Patricia Cooksey

Personal information
- Born: February 25, 1958 (age 68) Youngstown, Ohio United States
- Occupation: Jockey

Horse racing career
- Sport: Horse racing
- Career wins: 2,137

Major racing wins
- Clipsetta Stakes (1980) My Charmer Stakes (1982, 1985) Ellis Park Lieutenant Governor Stakes (1983) Hollywood Prevue Stakes (1983) Ellis Park Debutante Stakes (1984) Ellis Park Governor's Handicap (1984) Cincinnati Trophy Stakes (1985, 1987) Fairway Fun Stakes (1985) Pocahontas Stakes (1986) Edgewood Stakes (1987) Fairmount Park Budweiser Handicap (1987) John Battaglia Memorial Stakes (1987) Wilma C. Kennedy Stakes (1988) Winter Storm Stakes (1988) Banner Bob Stakes (1990) James C. Ellis Juvenile Stakes (1991) Pioneer Stakes (1991) Cradle Stakes (1993) Valdale Stakes (1996) Valley View Stakes (1999)

Racing awards
- Mike Venezia Memorial Award (2004) Turfway Park Leading Jockey - Winter/Spring (1981, 1983, 1985, 1995)

Significant horses
- Lt. Lao, Ava Romance, Dr. Bizzare, Kathy O

= Patricia Cooksey =

American jockey

Patricia Joen "Patti" or "P.J." Cooksey (born February 25, 1958, in Youngstown, Ohio, United States) is a retired jockey from American Thoroughbred racing.

== Career ==
Cooksey won her first race with Turf Advisor at Waterford Park (now Mountaineer Park) in 1979. A four-time Turfway Park leading rider, Cooksey has won 2,137 wins since beginning her career in 1979, and she was the all-time leading female jockey by number of victories before Julie Krone overtook her.

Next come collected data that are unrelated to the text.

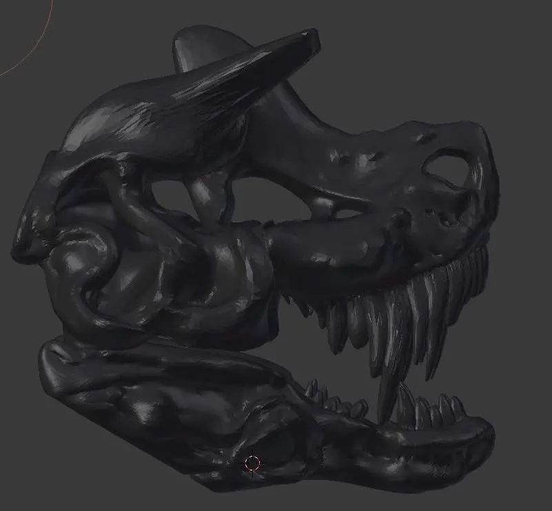 I sculpted a new skull ontop the old one, Massive Fangs, cutaways for the bottom jaw fang clearance, added some horns on the chin, some up top. also found some cavities, so I removed those teeth.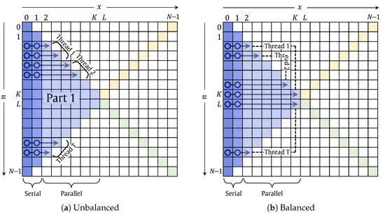 MDKTv2 represents the multi-threaded version of DKTv2. It should be noticed that when the threads are distributed over the DKraP orders, each thread will have a different number of coefficients to be computed. For example, if and threads are equal to 7, then each thread will process two orders. Thread_1 will process the coefficients at , which will run the recurrence relation three times. Thread_2 will process the coefficients at , which carries out the recurrence relation seven times. This multi-threaded version is called unbalanced multithreading and is shown in Figure 4a. Also, the pseudo code is given in pseudo code is given in Algorithm 2. On the other hand, we also presented a balanced multi-threaded version (see pseudo code in Algorithm 3), which ensures that each thread handles the same number of recurrence times, as shown in Figure 4b. For example, in the balanced multi-threaded version of DKTv2, if and threads are equal to 7, then each thread will process two orders. Thread_1 will process the coefficients at which will run the recurrence relation seven times. While Thread_2 processes the coefficients at , which also involves carrying out the recurrence relation seven times, all threads will handle the same processes of recurrence relations. It should be noted that the coefficients in other parts are computed using the similarity relation. However, when the similarity relation is used within the same thread, the coefficients in Part 3 will not be computed. Thus, to overcome this issue, the following similarity relation is also used: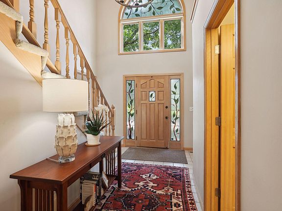 This classic and stately home has been impeccably maintained to making it easy for you to transition to a new home. Situated on a beautiful wooded, fenced lot with great access from the main or walkout levels or enjoyed from the upper deck of covered patio overlooking the pond beyond. Custom stained glass designed out of the Gaytee-Palmer studio who's works are featured throughout the metro. There is room in this home for all types of gatherings as well as having a dedicated office on the main floor, 3 bedrooms on the upper level, and a spacious walk-out level including a 4th bedroom. Enjoy nearby trails with beautiful parks, Weaver Lake, schools and The Shoppes at Arbor Lakes close at hand. Work hard, play hard, relax and enjoy your surroundings.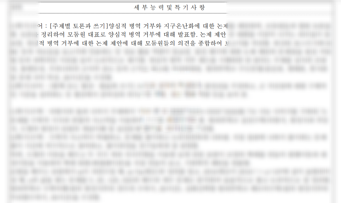 이처럼 수행평가 를 잘 수행 한 기록만이 아니라 수행평가 이후에 제가 어떤 것을 느꼈는지, 또 그 이후에 어떤 부가적인 활동을 했는지 작성함으로 성실성과 열정을 강조할 수 있습니다.

In 1985 she became the first female jockey to ride in the Preakness Stakes, finishing 6th aboard Tajawa. In 2004, she became the first ever female jockey to be voted the NYRA's Mike Venezia Memorial Award, an honor given annually to a jockey who exemplifies extraordinary sportsmanship and citizenship.

Seriously injured during a race at Keeneland on April 12, 2003, Cooksey did not return to riding until March 2004. Suffering from severe pain as a result of a rod in her leg from the injury, she retired permanently in late June of that year, ranked second all-time in wins by a female jockey.

Cooksey has been a commenter for Louisville, Kentucky television stations and did reporting for ESPN on horseback during the 2006 Breeders' Cup broadcast.